Exercise: Please transcribe exactly, and only, the lines of the data below between the line holding "20x20 Mattonella decorata" and the line holding "Skåpen sitter tillfälligt", inclusive.

Records shown:

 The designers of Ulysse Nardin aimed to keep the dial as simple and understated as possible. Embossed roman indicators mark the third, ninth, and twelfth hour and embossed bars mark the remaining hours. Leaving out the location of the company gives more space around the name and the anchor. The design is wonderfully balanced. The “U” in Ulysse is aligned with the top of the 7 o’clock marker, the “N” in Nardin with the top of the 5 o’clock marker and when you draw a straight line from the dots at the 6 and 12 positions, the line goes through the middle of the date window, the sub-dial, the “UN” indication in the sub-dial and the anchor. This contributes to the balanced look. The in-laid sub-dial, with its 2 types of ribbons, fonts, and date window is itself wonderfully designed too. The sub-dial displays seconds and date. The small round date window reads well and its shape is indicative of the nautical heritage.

---

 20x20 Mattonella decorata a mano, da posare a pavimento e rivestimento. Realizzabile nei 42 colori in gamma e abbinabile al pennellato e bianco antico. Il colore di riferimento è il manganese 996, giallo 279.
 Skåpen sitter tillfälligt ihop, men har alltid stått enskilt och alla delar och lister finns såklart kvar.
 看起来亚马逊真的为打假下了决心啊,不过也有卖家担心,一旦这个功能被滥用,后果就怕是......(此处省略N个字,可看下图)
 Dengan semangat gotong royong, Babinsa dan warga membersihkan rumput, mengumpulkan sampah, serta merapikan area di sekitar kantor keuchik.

...

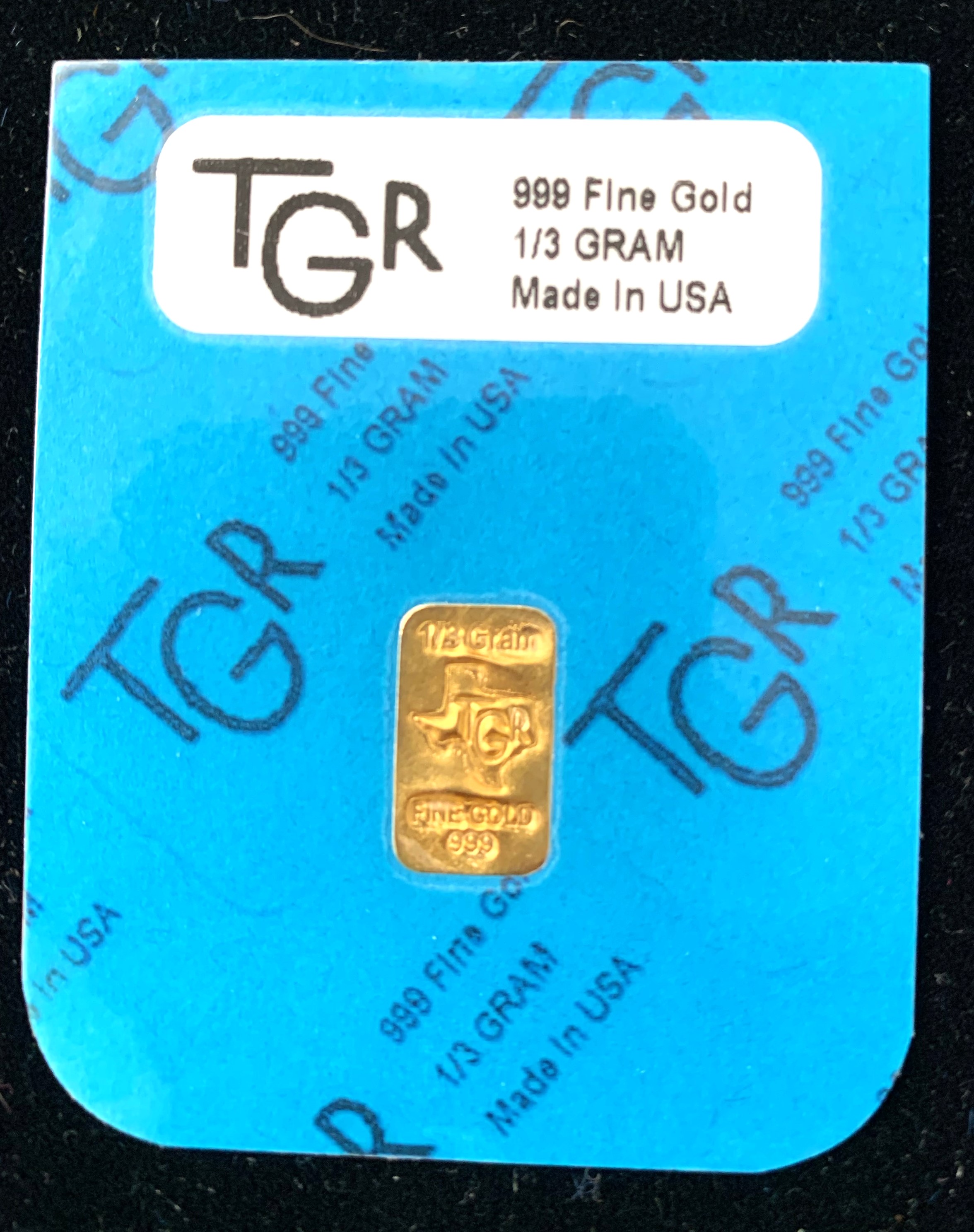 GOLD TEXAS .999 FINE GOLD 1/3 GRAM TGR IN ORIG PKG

Solution for this exercise:
 20x20 Mattonella decorata a mano, da posare a pavimento e rivestimento. Realizzabile nei 42 colori in gamma e abbinabile al pennellato e bianco antico. Il colore di riferimento è il manganese 996, giallo 279.
 Skåpen sitter tillfälligt ihop, men har alltid stått enskilt och alla delar och lister finns såklart kvar.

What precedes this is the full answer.